The mother of a non-binary child who loves dressing up in drag has revealed the threats she received from other parents for allowing the 11-year-old to be themself.
Jemma Lovell, from Shrewsbury, said her child Oz found out about drag when they saw snippets of her watching Ru Paul’s Drag Race and was immediately interested.
She told Metro that Oz began experimenting with makeup around the age of eight during their theatre lessons, and eventually said to her: “I understand how they feel. I don’t feel like a boy, Mummy.”
In August 2018 the whole family, which includes Oz’s father and sibling Willow, attended Chester Pride celebrations.
Lovell said: “We were in one of the tents, and Oz spent ages reading over posters that had all the different explanations of gender.
“Eventually, they came and got me and pointed to one about being non-binary, telling me they didn’t feel like a boy or a girl and didn’t want to be a ‘he’ anymore, but rather a ‘they.’
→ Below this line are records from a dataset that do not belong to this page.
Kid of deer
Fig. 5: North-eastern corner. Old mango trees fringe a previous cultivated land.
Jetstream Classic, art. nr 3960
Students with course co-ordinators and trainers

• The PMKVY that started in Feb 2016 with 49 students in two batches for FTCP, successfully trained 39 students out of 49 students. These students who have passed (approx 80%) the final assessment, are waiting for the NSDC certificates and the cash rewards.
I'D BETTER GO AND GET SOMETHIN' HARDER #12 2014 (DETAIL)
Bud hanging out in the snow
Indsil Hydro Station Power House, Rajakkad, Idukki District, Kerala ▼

“It’s never been an issue in the family. We don’t know what’s going on in Oz’s head, but we want them to feel free to explore who they are.”
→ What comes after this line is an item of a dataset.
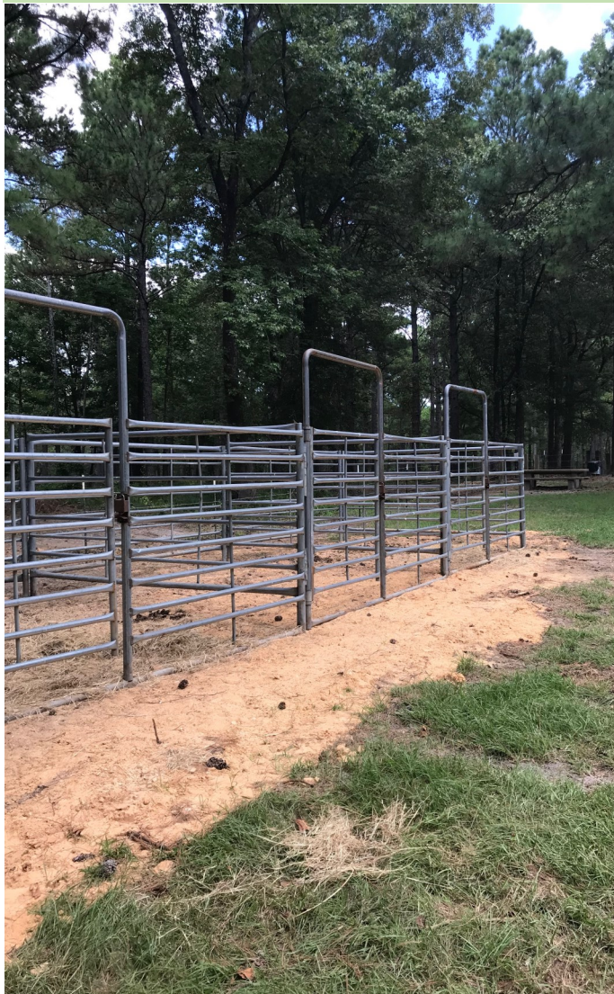
Gum Springs Horse Trail Map
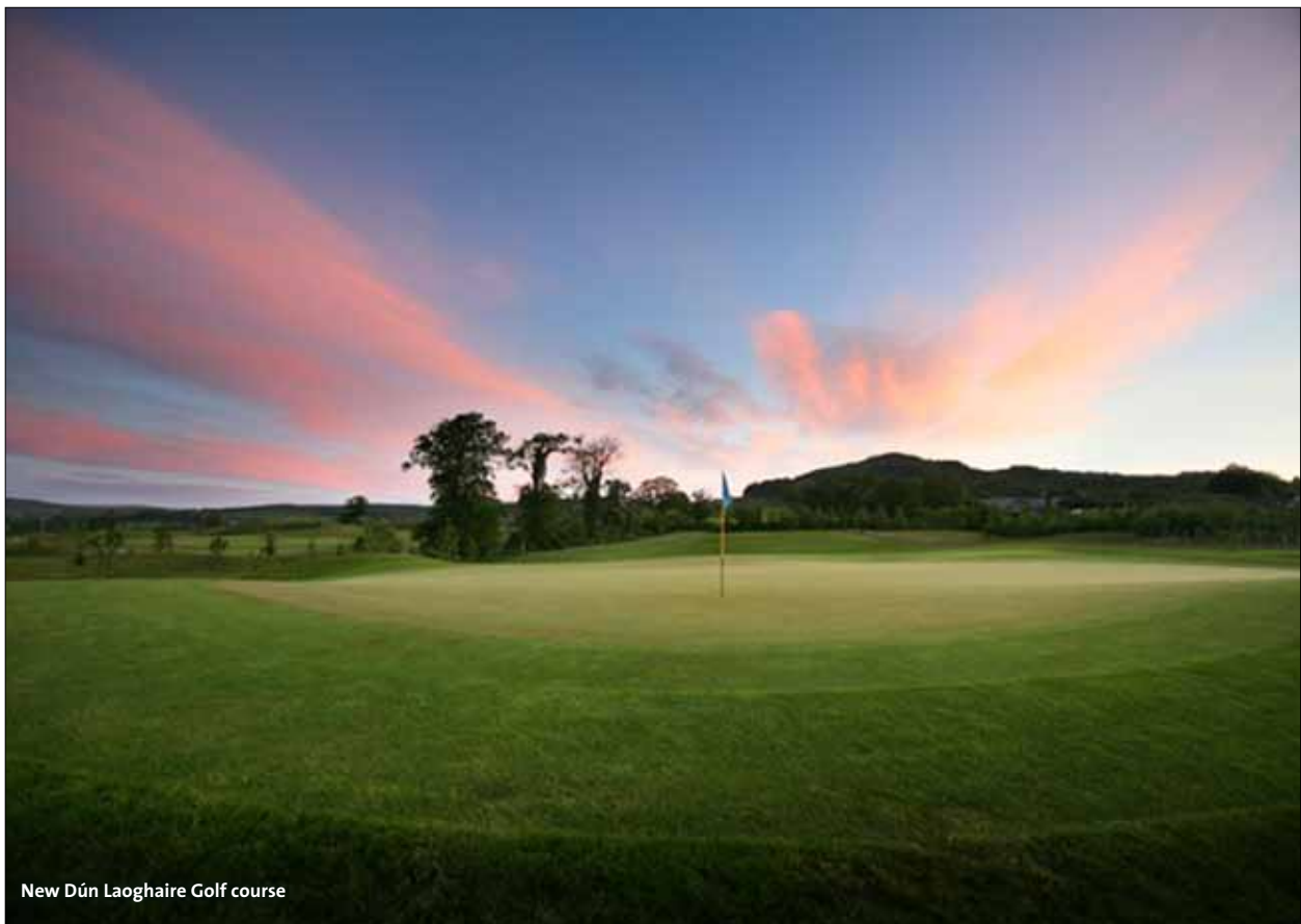
New Dún Laoghaire Golf course

Since that day at Pride, Oz has expressed more and more interest in drag, and now has their own drag name: Ben Trulyoutrageous.
Oz’s mum helped them get in touch with other kids that do drag, and they have performed to friends and at local talent shows.
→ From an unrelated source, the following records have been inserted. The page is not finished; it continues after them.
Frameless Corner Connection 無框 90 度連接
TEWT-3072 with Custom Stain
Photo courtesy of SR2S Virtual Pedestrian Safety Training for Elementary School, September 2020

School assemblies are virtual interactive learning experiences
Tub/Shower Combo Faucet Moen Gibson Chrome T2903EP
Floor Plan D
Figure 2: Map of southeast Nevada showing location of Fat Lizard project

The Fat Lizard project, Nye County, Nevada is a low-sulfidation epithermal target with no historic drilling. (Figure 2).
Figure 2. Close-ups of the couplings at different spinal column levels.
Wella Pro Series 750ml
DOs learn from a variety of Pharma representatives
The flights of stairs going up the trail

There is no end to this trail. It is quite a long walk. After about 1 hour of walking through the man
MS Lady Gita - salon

But Lovell said that while their family accepted non-binary, drag-loving Oz with open arms, other families were not so welcoming.
Other parents have said they believe that drag is sexual, and have even threatened to call social services on the family.
Lovell continued: “People tend to automatically sexualise drag, assuming Oz will come out dressed in hip pads and fake breasts, but we carefully vet everything to make sure that nothing is age-inappropriate.
“We make it clear Oz is still a child, no matter how high the heels or big the wig. When Oz puts on that dress and becomes Ben, it’s awe-inspiring to watch.
“I can see our child visibly glowing. It’s like they’re free, almost a heightened version of themselves. As parents, we don’t want Oz to be stigmatised for feeling different. Even if this is just a phase, we have allowed them to explore those feelings.”